I sometimes hear that people are afraid of bundt cakes, that they’re afraid they’ll fall apart or stick to the pan. My advice is to be very thorough and liberal when you butter and flour the pan, and to let the cake cool before you try to un-mold it. I use a paper towel when I’m buttering and go over the pan twice to make sure I haven’t missed any corners or detail. Don’t be afraid of using too much butter. Embrace the butter.

chocolate orange bundt cake | Brooklyn Homemaker

For this cake I used the Nordic Ware Heritage bundt pan. You can find it here if you’re interested. As if a traditional bundt pan weren’t impressive enough, this pan adds a modern twist to the classic shape. The lines of this cake just make it impossibly stylish.

chocolate orange bundt cake | Brooklyn Homemaker

Just look at those ridges. Look at those clean lines.

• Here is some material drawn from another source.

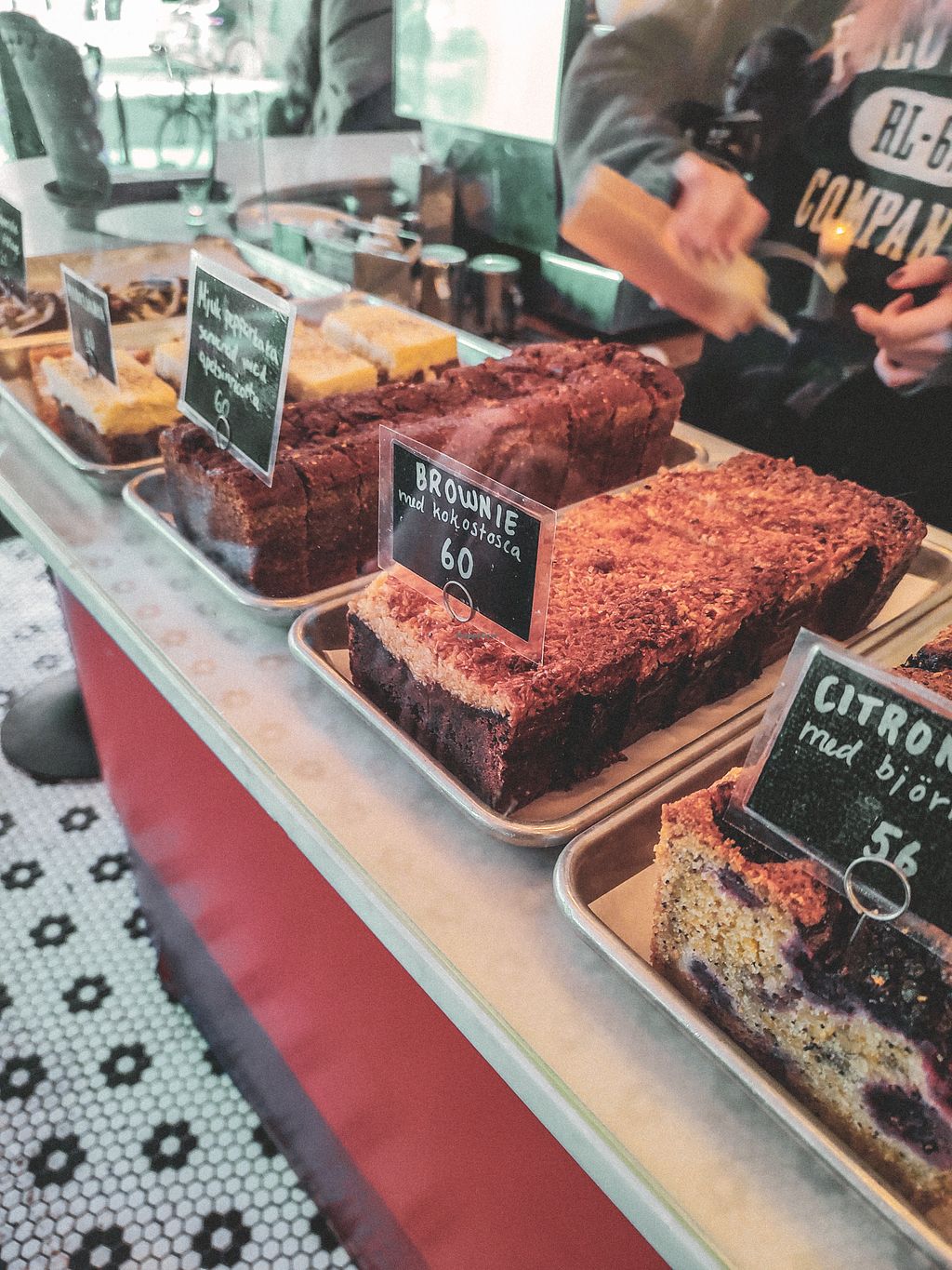 I couldn't resist the (very good and crisp) Toast Skagen (new years special) 110 sek and a hot Matcha latte 62 sek. To top it off with something sweet a chocolate coconut tosca brownie, which was also heavenly.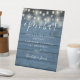 Ce panneau élégant à barre ouverte est parfait pour toutes les célébrations, avec de jolies lampes à cordes sur un arrière - plan en bois bleu rustique. Conçu par Thisisnotme©

So fancy. It looks like a craggy mountain when sliced.

chocolate orange bundt cake | Brooklyn Homemaker

I think the golden glaze with bright little specks of orange zest looks really beautiful against this almost black super-chocolatey cake. The recipe I adapted this cake from called for a thick bittersweet chocolate and sour cream glaze, but I thought a simple powdered sugar glaze would compliment and enhance the delicate citrus flavor of the cake instead of competing.

chocolate orange bundt cake | Brooklyn Homemaker

In case I forgot to mention it, this cake is GOOOOOD. It really delivers in the chocolate department, the oil and buttermilk keep it unbelievably moist, and the orange juice and zest add a sunny sweetness that permeates the cake. The smell alone is enough to get you going when you cut into it. Going. Going.

chocolate orange bundt cake | Brooklyn Homemaker

Gone.

chocolate orange bundt cake | Brooklyn Homemaker

Chocolate Orange Bundt Cake

adapted from Joy the Baker

For the Cake:
1 1/4 cups orange juice
2 Tablespoons orange zest
3/4 cup Dutch process cocoa powder
2 1/4 cups sugar
1 1/4 teaspoons kosher salt
2 1/2 teaspoons baking soda
2 whole eggs
1 egg yolk
1 1/4 cups buttermilk
1 cup plus 2 Tablespoon canola oil
1 1/2 teaspoons vanilla extract
2 1/2 cups, plus 2 Tablespoons all-purpose flour, sifted
1 cup mini chocolate chips or finely chopped bittersweet chocolate

For the Glaze:
2 cups confectioners’ sugar
1/4 cup fresh orange juice
2 tablespoons orange zest

Place an oven rack in the center of the oven and preheat to 350 degrees F.
Liberally butter and flour a 10 to 12 cup Bundt pan and set aside.

make the cake batter:
Whisk orange juice and cocoa powder in a small saucepan and bring to a boil, whisking frequently. Remove from heat, whisk in zest, and let come to room temperature.

In the bowl of a stand mixer with a whisk attachment, mix together sugar, salt, baking soda, eggs and egg yolk on low for about 1 minute. Add the buttermilk, oil and vanilla extract and mix on low again for another minute.

Add the flour and mix on medium speed for 2 minutes.  Add the cooled cocoa mixture and mix on medium speed for 3 minutes.  Mix in chocolate chips on low. The batter will be very loose.  Pour into the prepared cake pan and bake for 55-65, or until a cake tester or toothpick inserted in the cake comes out clean.

Let the cake cool completely in the pan and then invert onto a cooling rack.

make the orange glaze:
Add confectioner’s sugar and zest to orange juice and whisk until you can’t see any lumps. I like to do this in a glass measuring cup with a spout so you can pour the glaze easily.

Place a baking sheet under the cooling rack your cake is on. Pour the glaze over the Bundt cake, covering it completely. If you have leftover glaze, go back in for another coat.  Transfer to a cake plate or platter by gently sliding the cake off the rack, use a thin spatula to help lift it if necessary. Leave at room temperature until ready to serve. The glaze will harden and form a sort of candy shell and keep the cake inside crazy moist.